TASK ITEM
Nothing but the images should be left out when the entries are restated word for word.
⟨
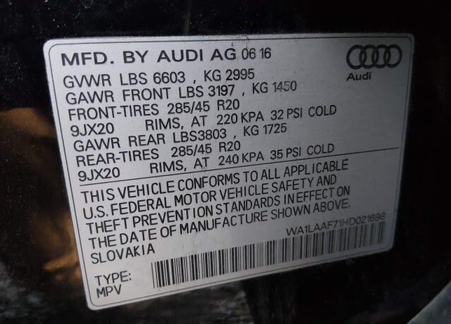 VIN WA1LAAF71HD021698 may have been
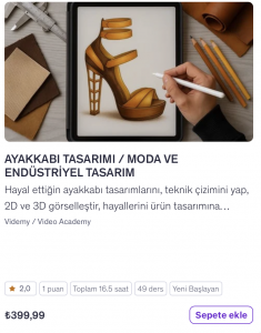 Kursu tamamlayanlar Uluslarası eğitim platformu UDEMY / Ayakkabı tasarımı Sertifikası alırlar.
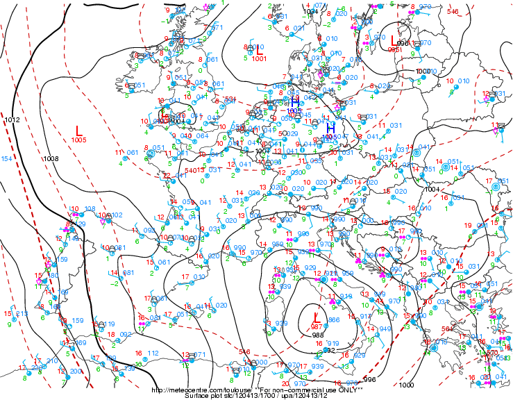 E’ stata ribattezzata Lucia l’intensa depressione mediterranea che sta apportando maltempo su Campania e Calabria oltre a determinare il tempo su metà Europa meridionale. Nella foto possiamo vedere la posizione di Lucia intorno alle ore 19.30 del 13 aprile con il centro depressionario in pieno mar Tirreno meridionale.
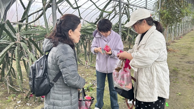 随后,教师们前往火龙果采摘园和紫海蓝山景区,亲身体验了田间劳作的乐趣。在采摘火龙果和萝卜的过程中,大家不仅享受到收获的喜悦,更深刻体会到了劳动人民辛勤耕耘的不易,以及劳动成果的珍贵。此项体验活动不仅让大家在自然中放松身心,也加深了对农业劳动的理解和尊重。
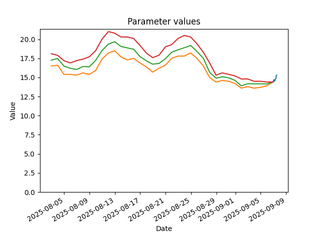 Temperatures are in degrees Celcius.
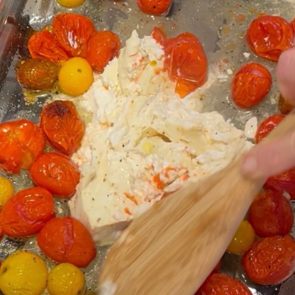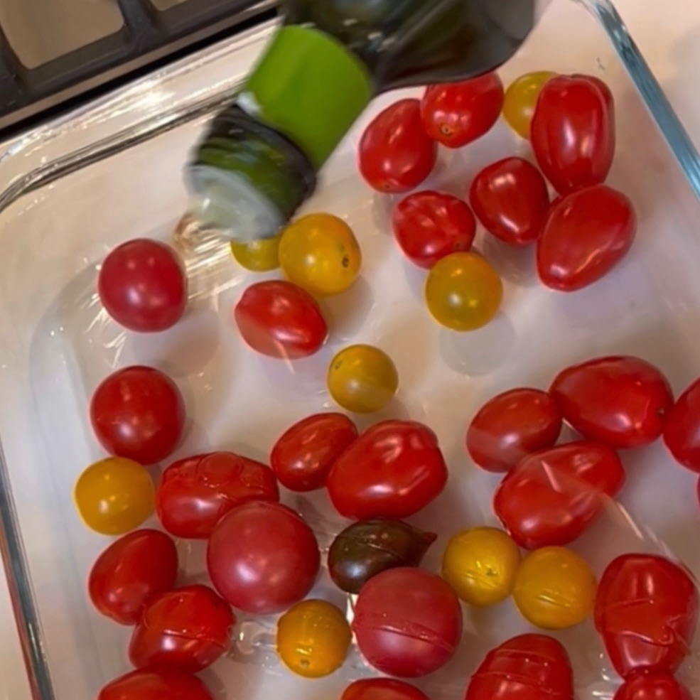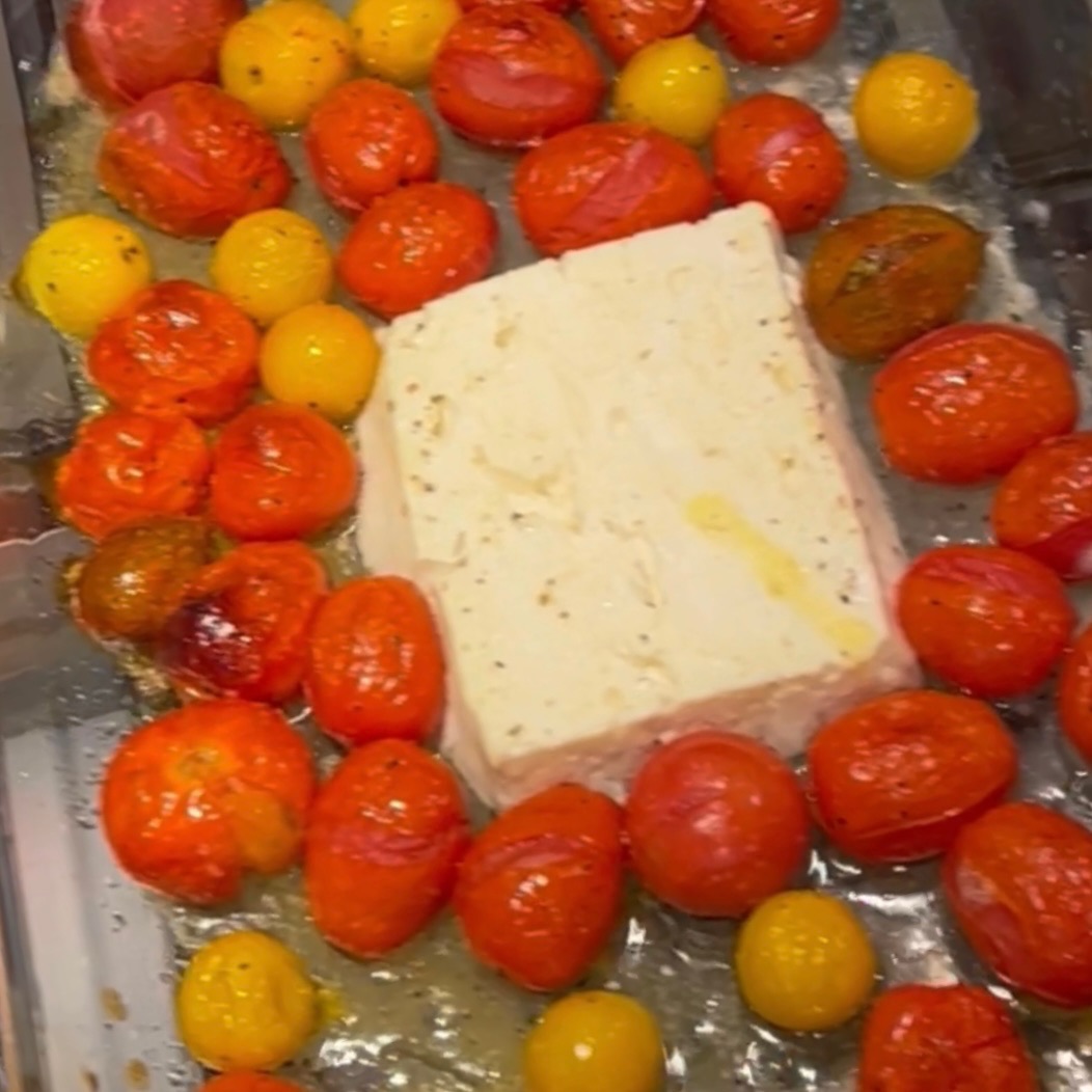 Preheat oven to 400F. Put tomatoes in baking dish, drizzle with oil (approx. a 1/4 cup, just do what you feel) season and toss. Place cheese in middle, turning to coat in oil. Bake for 40 minutes.
⟩
RESULT OF THIS EXERCISE
 VIN WA1LAAF71HD021698 may have been
 Kursu tamamlayanlar Uluslarası eğitim platformu UDEMY / Ayakkabı tasarımı Sertifikası alırlar.
 E’ stata ribattezzata Lucia l’intensa depressione mediterranea che sta apportando maltempo su Campania e Calabria oltre a determinare il tempo su metà Europa meridionale. Nella foto possiamo vedere la posizione di Lucia intorno alle ore 19.30 del 13 aprile con il centro depressionario in pieno mar Tirreno meridionale.
 随后,教师们前往火龙果采摘园和紫海蓝山景区,亲身体验了田间劳作的乐趣。在采摘火龙果和萝卜的过程中,大家不仅享受到收获的喜悦,更深刻体会到了劳动人民辛勤耕耘的不易,以及劳动成果的珍贵。此项体验活动不仅让大家在自然中放松身心,也加深了对农业劳动的理解和尊重。
 Temperatures are in degrees Celcius.
 Preheat oven to 400F. Put tomatoes in baking dish, drizzle with oil (approx. a 1/4 cup, just do what you feel) season and toss. Place cheese in middle, turning to coat in oil. Bake for 40 minutes.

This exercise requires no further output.